Again, I don't want to shut down the conversation. The orgasm gap is very real. My partner stubbornly believes that I'm exceptional, that ladygasms usually take a lot of work, and even that many women aren't capable of having them. Some men I have known didn't even try. They were confused or amused that orgasms were important to me. One even assured me I didn't need to orgasm, he was happy anyway - as if my orgasm was somehow for his gratification! Also, my partner refuses to believe that banging doesn't cause orgasms in women, because "if that were true, we would all know about it, and besides, I've had women come just from intercourse lots of times". (I, on the other hand, am convinced many of his previous partners faked their orgasms to satisfy his need to be a good lover and get him to stop already. Especially his first girlfriend, who he claims would consistently orgasm as soon as he put it in.)
This is getting long and rambly, so I'll summarize: I don't want to put on bravado, but I exist and my orgasms are real. I do see myself as a sexual person, but I don't think that's necessary for having orgasms if you want to. Giving priority to your own orgasms is a good thing, and not in conflict with being a generous lover. It can even be beneficial for your partner.
Maybe I'm over-simplifying. There are men who react badly when women ask for what they want and insist that they get it. There are men who get off on inequality and see the orgasm gap as a feature, not a bug. There is harassment and coercion and rape, and, speaking of personal beliefs, I think every single woman has had such experiences, at least to some degree, whether or not she interprets it that way.
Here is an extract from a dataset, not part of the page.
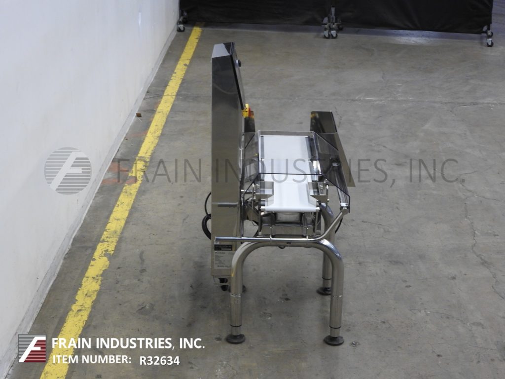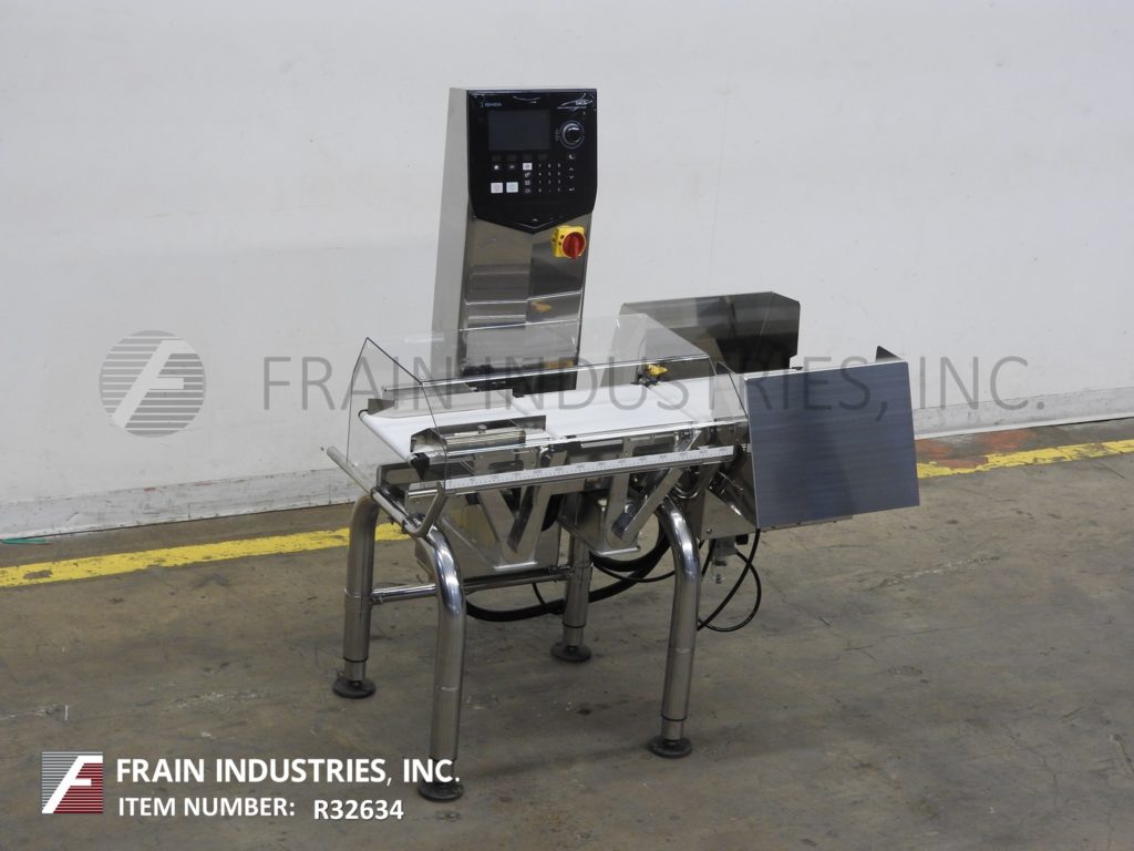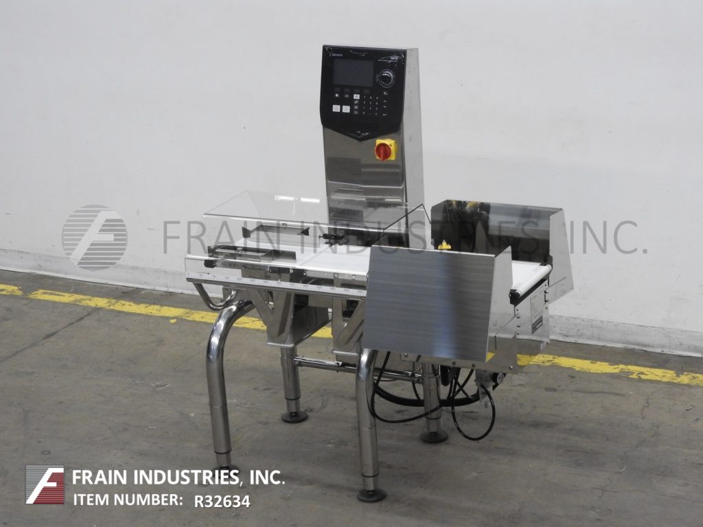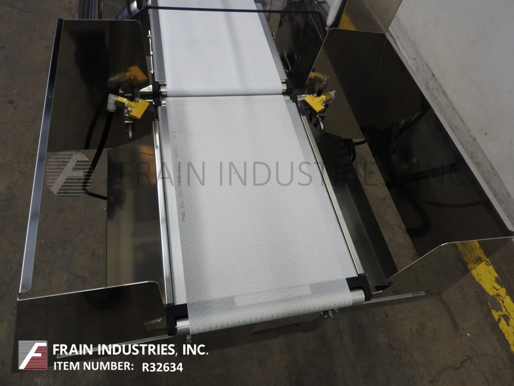 返回所有设备石田DACS-GN-S015-SS-1型,自动(3)区,304不锈钢校验秤。额定高达每分钟300英尺,产品数量取决于材料和应用。测压元件:长度为14英寸;9.5”宽。重量范围:6至600克和15至1500克,精度:±0.05克或±0.01克,精度取决于材料,应用,机器配置和运行环境。配备13.8"长x 9.5"宽氯丁橡胶饲料输送机,不锈钢导轨,13.8"长x 9.5"宽氯丁橡胶称重输送机,17.7"长x 9.5"宽氯丁橡胶卸料输送机与双吹风废弃物(一个/一个下)。控制面板带有触控板操作界面,7寸全彩色LCD显示,300个“预置”产品程序,SUSB记忆棒带有x -条形图和直方图,RS232串行输出原始重量数据。安装在(4)高度可调腿上。

I don't think this was what you were writing about though.
We all have a lot of shit baggage. There is a voice in my head telling me how pathetic I am to enjoy make-up and sexy lingerie when I'm pushing 50, with a body shaped by pregnancies and yoyo dieting. "Mutton dressed as lamb", indeed. Changing one's own internal discourse is hard.
Pretending that orgasms are easy for all women is disastrous, but telling ourselves that struggling is inevitable isn't helpful either.